Bigtable_A Distributed Storage System for Structured Data
The author: Fay Chang, Jeffrey Dean, Sanjay Ghemawat, Wilson C.Hsieh, Deborah A. Wallach Mike Burrows, Tushar Chandra, Andrew Fikes, Robert E.Gruber
6 Function Optimization
The previous section introduced the implementation of Bigtable. To meet the requirements of high performance, high availability, and reliability, Bigtable needs a lot of optimization. This section details other parts of the Bigtable implementation.
Position group
A client program can combine multiple column families into a location group. Each location group in the Tablet has a separate SSTable. Separating column families that will not be accessed together into different position groups can improve the efficiency of read operations. For example, in a Webtable table, web metadata (such as language and Checksum) can be placed in one location group, and web content in another. This way, when an application reads web metadata, it does not need to read all of the page content.
In addition, you can set some useful tuning parameters on a positional group basis. For example, you can set a location group’s storage location to memory. The Tablet server loads into memory the SstAbles of a group of locations whose storage location is set to memory according to a lazy loading policy. Once the load is complete, there is no need to read the hard disk to access the column family belonging to that location group. This feature is particularly useful for small chunks of data that need to be accessed frequently: within Bigtable, we use this feature to speed up access to location-dependent column families in metadata tables.
The compression
The client program can decide whether the sstAbles of a location group need to be compressed; In what format, if any, compression is required. Each SSTable block, whose size is determined by the tuning parameters of the position group, is compressed in a user-specified compression format. Chunking compression does take up a small amount of space, but with chunking compression, you don’t have to decompress the entire file when only a small part of the SSTable is read. Many client programs use custom two-step compression. The first step is to use Bentley-McIlroy algorithm to compress common long strings in a larger scanning window. The second step is quick compression, that is, looking for duplicate data in a small scan window of 16KB. The compression speed of both steps is very fast, with the compression rate reaching 100-200MB/s and the decompression rate reaching 400-1000MB/s.

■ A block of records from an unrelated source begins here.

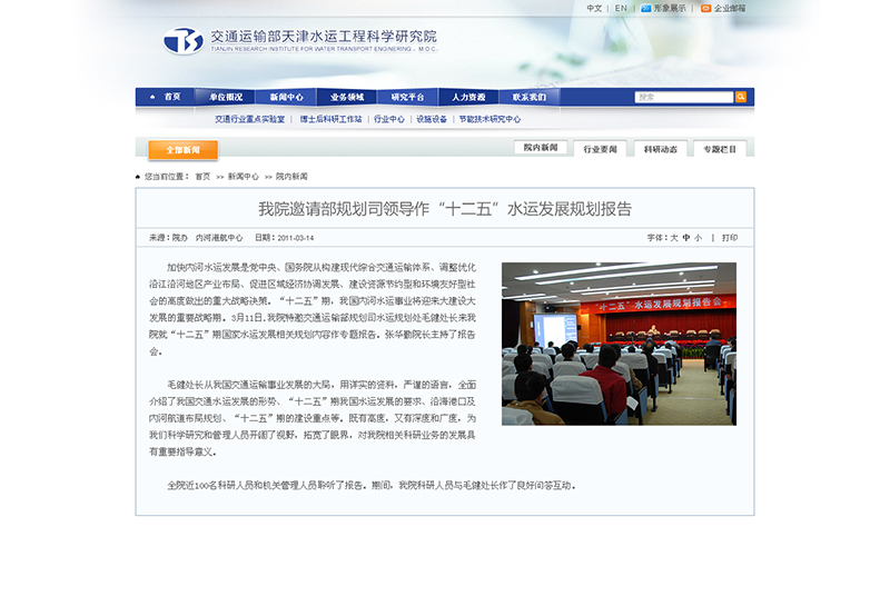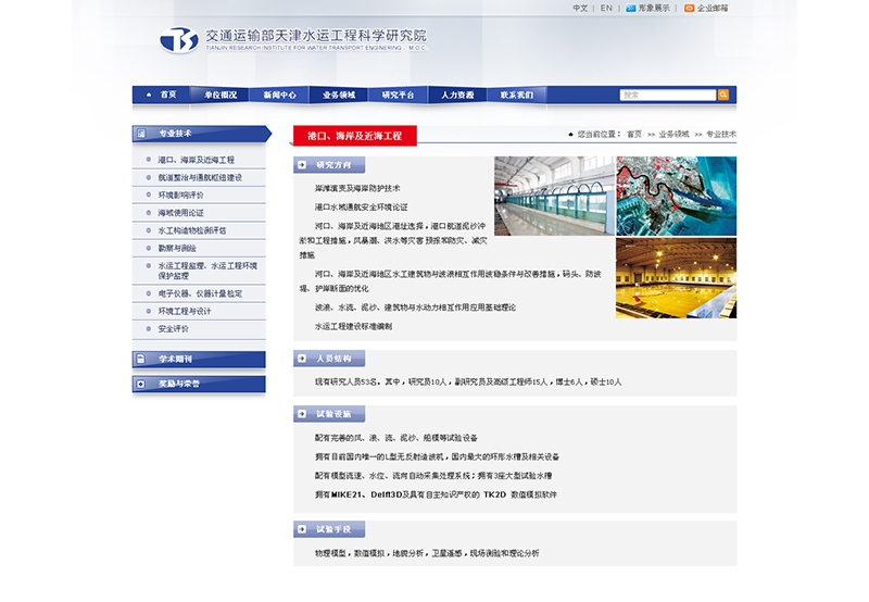 交通運輸部天津水運工程科學(xué)研究院(簡稱天科院),是交通運輸部直屬科研事業(yè)單位,承擔(dān)海岸河口、內(nèi)河航道、環(huán)境保護(hù)、港工結(jié)構(gòu)、通航、水利等領(lǐng)域的科研、技術(shù)咨詢工作...
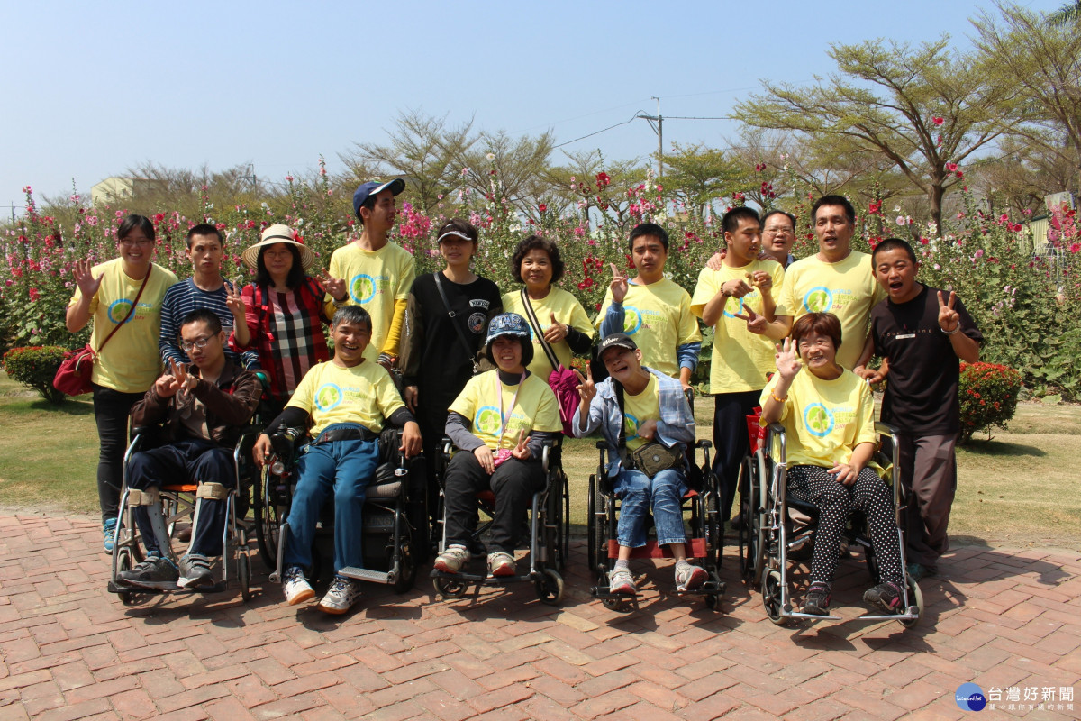 台南市腦性麻痺之友協會成員到學甲蜀葵花快樂賞花,強調是一趟難忘之旅。(記者邱仁武攝)
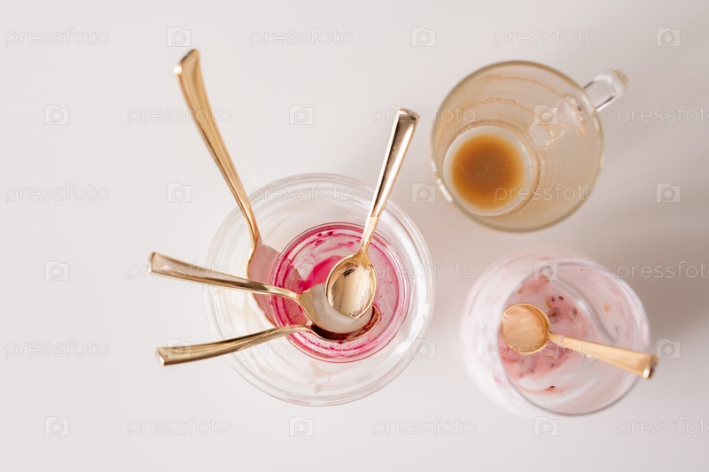 Группа пустых немытых стаканов и чайных ложек на кухонном столе после завтрака
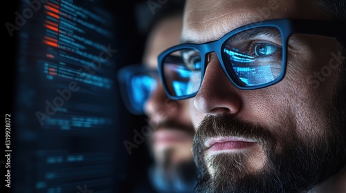 A focused individual with glasses gazes intently at a screen filled with code, representing themes of technology and cybersecurity, Ideal for articles on programming, tech innovations
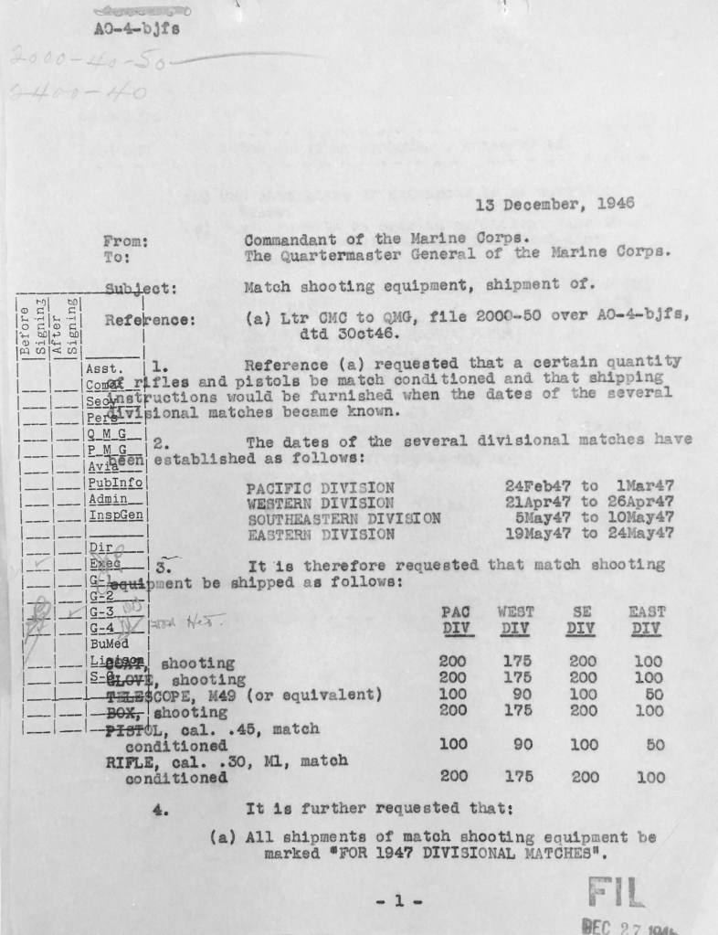 Request for match-conditioned M1 Garands to be assembled and dispersed for Division matches following World War II (NARA).
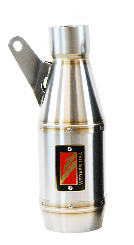 This Competition Werkes GP exhaust is handmade from straight and conical section stainless steel. The fine craftsmanship and attention to detail isn’t the only thing you’ll get with this exhaust. The prototype race look will add a touch of ‘factory prepared’ looks to your street machine. This pipe is baffled, but only enough to keep it ‘streetable’, you’ll still get the Competition Werkes race sound and power.

Although speed is our main concern when choosing a compression algorithm, this two-step compression method also performs very well in space compression. For example, with Webtable, we use this compression to store web content. In our tests, we stored a large number of web pages in a compressed location group. For experimental purposes, we only store data for one version of each document. This mode has a space compression ratio of 10:1, compared to 3:1 or 4:1 for traditional Gzip when compressing HTML pages. In two-step compression mode, pages retrieved from the same host are stored in adjacent locations. In this way, the Bentley-McIlroy algorithm can find a lot of duplicate content from pages from the same host. Many other applications also achieve better compression rates by choosing the right line names to cluster similar data together. The compression efficiency is higher when multiple versions of the same data are stored in Bigtable.
Cache improves read performance
To improve read performance, the Tablet server uses a two-level cache strategy. The scan cache is a level 1 cache that mainly caches key-value pairs that the Tablet server obtains through the SSTable interface. The block cache is a level 2 cache that caches blocks of data from sstAbles read from GFS. The scan cache is suitable for applications that need to read the same data repeatedly frequently; Block caching is suitable for applications that require frequent reads of peripheral data of recently read data (such as sequential reads or random reads of different columns in a hot row position group).
Bloom filter
As described in Section 5.3, a read operation must read all the sstables that make up the Tablet state. If the SSTable is not in memory, the hard disk needs to be accessed multiple times. Bloom filters that allow clients to specify sstAbles with specific location groups can effectively reduce disk access times. The Bloom filter enables you to query whether an SSTable contains data for specific rows and columns. For some applications, simply setting aside a small amount of memory to store Bloom filters can drastically reduce the number of disk accesses required for read operations. With the Bloom filter, when an application accesses a nonexistent row or column, a read operation does not need to access the hard disk.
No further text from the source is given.